Sightings from Maggie
Isle of May: It’s looking very positive that visitors over the Christmas holidays will have the joy of pup spotting on Pilgrims Haven. Several will be moulted, others on the cusp of being left to fend for themselves. There was a newborn last weekend and hopes that there may be other late breeders will add to the excitement and anticipation.
We should now be seeing the odd fulmar gliding along the clifftops, perhaps even sitting at a nest site? Fulmars had a dreadful breeding season on the May this past season and figures for the other Forth islands were not much better.
Dare I say it? Perhaps just a little early, but as soon as the cameras are switched on have a quick scan on the Angel and Pilgrims stacks. Any guillemots? They quickly disperse, but it’s not unusual to see them first thing! Please do note dates that any are seen.
Craigleith: Much quieter now but on calm sea days, moulted pups will often haul out on the low rocks and sleep! A flock of over 30 finches (possibly linnet) were spotted flitting over the island. Any sign on the graylag?
The harsh frost is sitting on the island today. Perfect for killing off the tiny mallow seedlings! With cuts undertaken in Sept and October it cleared ground allowing small seeds to flourish. This kind of weather is such a bonus. It takes out that layer and when milder weather returns and growth resumes the spring cut should hopefully be sufficient to see it through the breeding season.
Fidra: Fairly quiet. Keep a watch for the peregrine and for any wildfowl that may graze on the island or be feeding in sheltered waters.
Viewing Deck: On these still frosty mornings conditions are perfect for spending a little time on the viewing deck. Scan the rocks for purple sandpiper, turnstone, redshank, oystercatcher, heron, occasionally knot, ringed plover, dunlin and sanderling are seen, and scan the bay for seaducks, eider, long-tailed duck, red-breasted merganser, scoter, along with the familiar shag, cormorant and auk . You never know what may be passing through!
Spare a thought for the small passerines that frequent parks and gardens. Even just a small amount of fats and seeds scattered can make the difference of survival for them.
Keith Brockie and Derek Robertson
Being in a fortunate position, I’ve bumped into Keith and Derek over these last couple of years as they have sketched and painted on the May. It is such a pleasure to see their books in the Centre.
Keith gave us a wonderful presentation a couple of weeks ago as part of the Reading Hour, for Book Week Scotland. His images were breathtaking in detail, all captured along with notes and information of his experience as he watched the particular subject.

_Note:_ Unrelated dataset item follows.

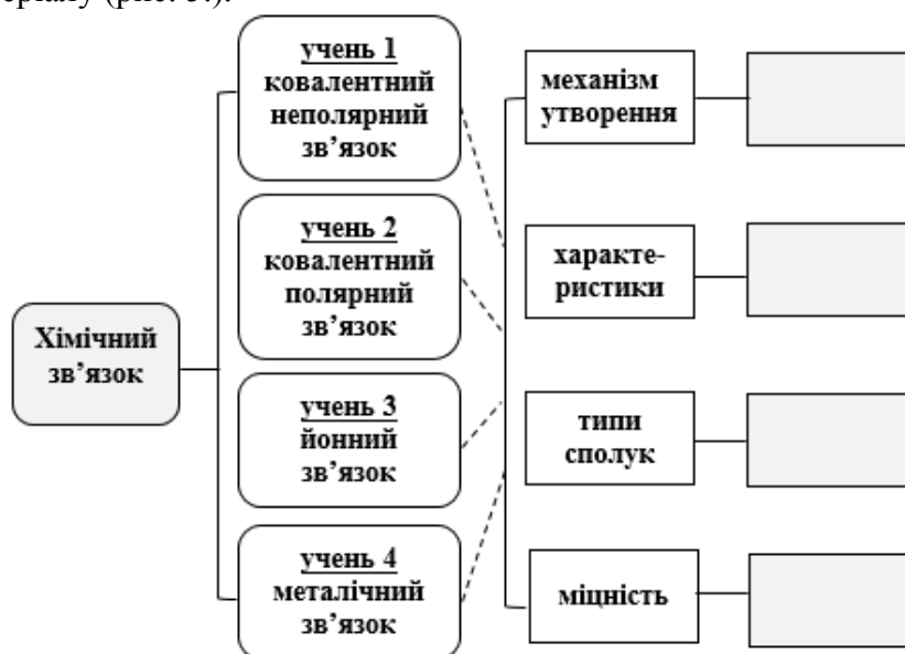
Рис.5. Стратегія узагальнення теоретичних знань

Тому важливою складовою у цілеспрямованому розвитку пізнавальних стратегій учнів вважаємо комунікативну стратегію – усвідомлену лінію комунікативної поведінки у конкретній ситуації спілкування, яка використовується для забезпечення спілкування з іншими учнями та подолання труднощів, викликаних недостатністю знань теоретичного та практичного характеру. Особливо важливою комунікативна стратегія є на етапі узагальнення навчального матеріалу (рис. 5.).

Derek too, his puffin images are stunning and delicate, again with background notes. Although we don’t have otters on the May I found myself purchasing this for a gift.
I do know as I turned the pages, the beauty of these images me left me with a yearning for the first sign of spring and the first May visits.
Owls: Tawny, barn owl. Do you ever hear a tawny owl calling or spot the majestic barn owl hunting at night? This was part of the discussion at the SOC discussion group last night. I know at certain times of year I hear a tawny owl calling from the Lodge grounds and another in the distance. Although there are substantial records, updated information is always welcomed. To save an army of strange people skulking in woods or fields at night, if you do hear a tawny calling or know of a barn owl in your locality, please do let me know and I will pass this info onto the SOC. Thank you.